§ TRY IT: Without changing a character, return the entries, but not the images they hold.

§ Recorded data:
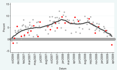 Kommentar till figuren: Figuren visar opinionsavståndet mellan Allianspartierna och oppositionen sedan september 2006. Den grå linjen markerar nollpunkten (likaläge). De röda mätningarna är Demoskops mätningar sedan valet. De kännetecknas av relativt små urval och korta mätperioder. För mer info om statistiken hänvisas till tidigare blogginlägg.
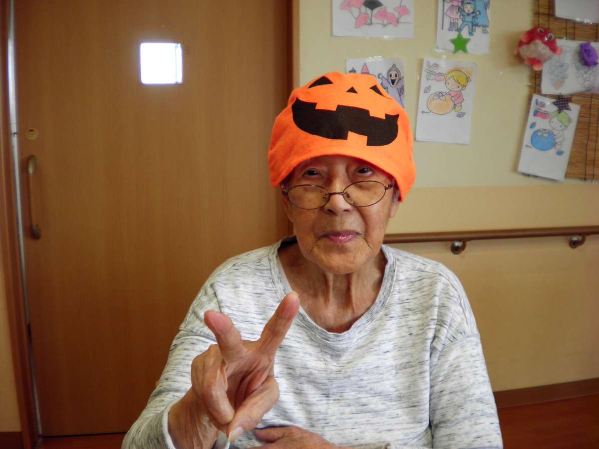 帽子をかぶって頂き、記念撮影。カメラ目線でピースまで。
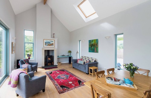 Discover the Applecross Peninsula from this stunning holiday property. Enjoy walks, cycling and climbing or just enjoy the scenery.. Nestled into the hillside, in a sheltered and secluded position, and enjoying some of the most spectacular views imaginable, Tigh An Iasgair is a superb, detached, architect-designed house situated on the Applecross Peninsula. This stunning, warm and light-filled property is beautifully presented throughout, with great attention to detail. The main living area is open plan. With high vaulted ceilings and large patio doors it is exceptionally light and spacious. A large multi-fuel stove acts a focal point. The patio doors open onto a paved patio, a wonderful spot to sit and drink in the views of sea, mountains and open countryside. The grounds lead down to the sea shore below. There is a beautiful sheltered beach 4 minutes away at the end of Fearnbeg village.
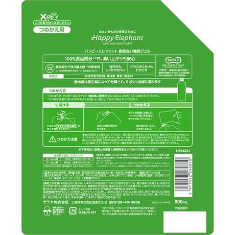 ハッピーエレファント 食器洗い機用ジェル つめかえ用 (800ml*2袋セット)
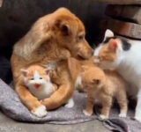 「なんという幸せ空間…」子猫にもママ猫にも愛される犬
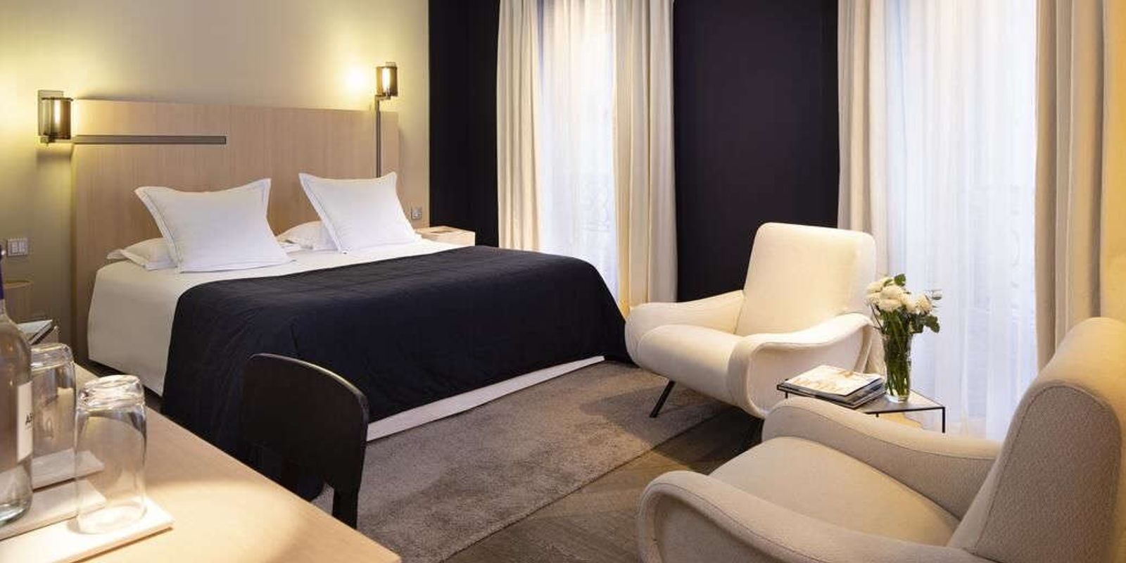К услугам гостей — 33 номера и люкса в лаконичном стиле, некоторые из которых могут похвастаться балконами с видом на парижские крыши, массажная зона с косметическими процедурами на продуктах Nuxe, а также ресторан изысканной французской кухни La Régalade Conservatoire под руководством ведущего шеф-повара Франции Бруно Дусе.
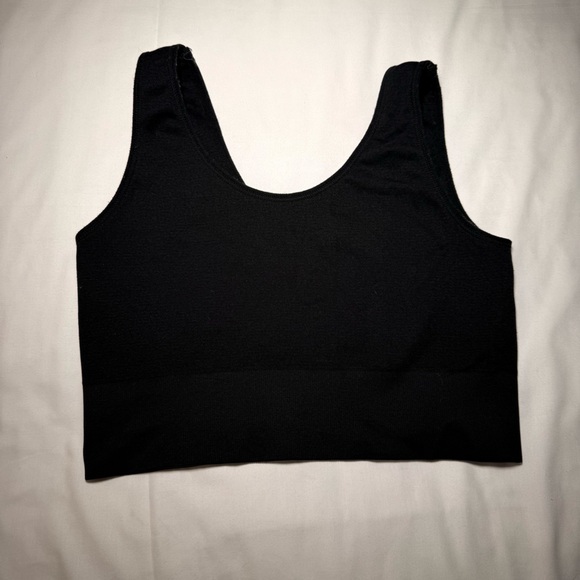 Stylish black sleeveless crop top. Perfect for casual wear.
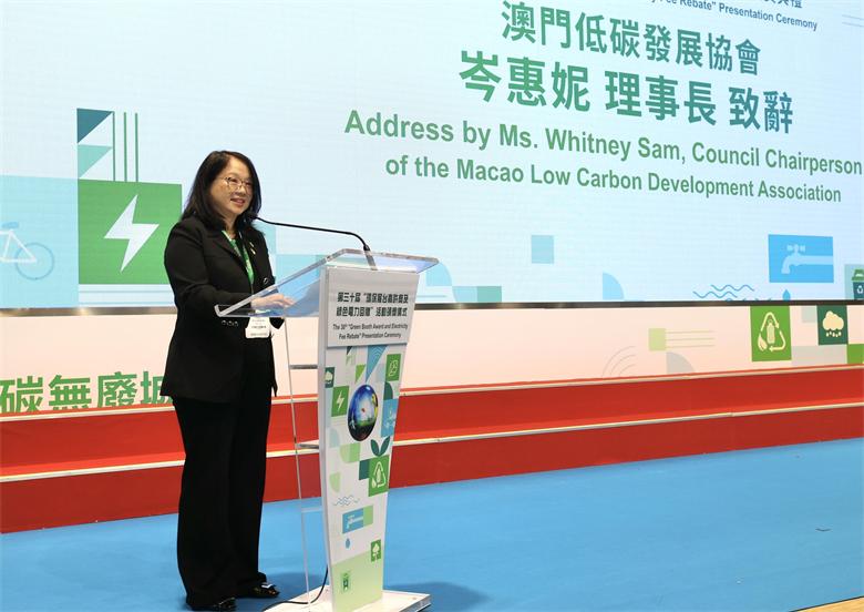 澳門低碳發展協會理事長岑惠妮致辭時指出,澳門會展業多年來一直積極推進綠色轉型,環保展台嘉許獎、綠色會展及碳中和會展標籤等項目,環保展台嘉許獎自2010年設立以來,累計頒發獎項已超1200個,助力行業實現總減碳量逾10000噸;綠色會展標籤及碳中和會展標籤自2023年底推出後,已有150個會展活動及項目成功獲得認證,累計註銷碳信用額超20000噸,綠色轉型取得顯著成效。澳門作為大灣區首個牽頭編制《粵港澳大灣區會展活動碳中和指南》的城市,更為行業樹立了重要的“澳門標準”。澳門低碳發展協會與澳門展貿協會與國際相關組織簽署合作,象徵着澳門綠色會展正式邁向國際。她並對獲獎單位在綠色會展領域的先行實踐與示範成效表示高度認可,同時也印證環保理念與商業價值可實現雙贏。未來,兩大協會將積極推動指南落地、深化區域及國際合作、培育青年綠色會展人才,持續促進行業綠色高品質發展。

§ ANSWER FOR THIS EXERCISE:
 Kommentar till figuren: Figuren visar opinionsavståndet mellan Allianspartierna och oppositionen sedan september 2006. Den grå linjen markerar nollpunkten (likaläge). De röda mätningarna är Demoskops mätningar sedan valet. De kännetecknas av relativt små urval och korta mätperioder. För mer info om statistiken hänvisas till tidigare blogginlägg.
 帽子をかぶって頂き、記念撮影。カメラ目線でピースまで。
 Discover the Applecross Peninsula from this stunning holiday property. Enjoy walks, cycling and climbing or just enjoy the scenery.. Nestled into the hillside, in a sheltered and secluded position, and enjoying some of the most spectacular views imaginable, Tigh An Iasgair is a superb, detached, architect-designed house situated on the Applecross Peninsula. This stunning, warm and light-filled property is beautifully presented throughout, with great attention to detail. The main living area is open plan. With high vaulted ceilings and large patio doors it is exceptionally light and spacious. A large multi-fuel stove acts a focal point. The patio doors open onto a paved patio, a wonderful spot to sit and drink in the views of sea, mountains and open countryside. The grounds lead down to the sea shore below. There is a beautiful sheltered beach 4 minutes away at the end of Fearnbeg village.
 ハッピーエレファント 食器洗い機用ジェル つめかえ用 (800ml*2袋セット)
 「なんという幸せ空間…」子猫にもママ猫にも愛される犬
К услугам гостей — 33 номера и люкса в лаконичном стиле, некоторые из которых могут похвастаться балконами с видом на парижские крыши, массажная зона с косметическими процедурами на продуктах Nuxe, а также ресторан изысканной французской кухни La Régalade Conservatoire под руководством ведущего шеф-повара Франции Бруно Дусе.
 Stylish black sleeveless crop top. Perfect for casual wear.
 澳門低碳發展協會理事長岑惠妮致辭時指出,澳門會展業多年來一直積極推進綠色轉型,環保展台嘉許獎、綠色會展及碳中和會展標籤等項目,環保展台嘉許獎自2010年設立以來,累計頒發獎項已超1200個,助力行業實現總減碳量逾10000噸;綠色會展標籤及碳中和會展標籤自2023年底推出後,已有150個會展活動及項目成功獲得認證,累計註銷碳信用額超20000噸,綠色轉型取得顯著成效。澳門作為大灣區首個牽頭編制《粵港澳大灣區會展活動碳中和指南》的城市,更為行業樹立了重要的“澳門標準”。澳門低碳發展協會與澳門展貿協會與國際相關組織簽署合作,象徵着澳門綠色會展正式邁向國際。她並對獲獎單位在綠色會展領域的先行實踐與示範成效表示高度認可,同時也印證環保理念與商業價值可實現雙贏。未來,兩大協會將積極推動指南落地、深化區域及國際合作、培育青年綠色會展人才,持續促進行業綠色高品質發展。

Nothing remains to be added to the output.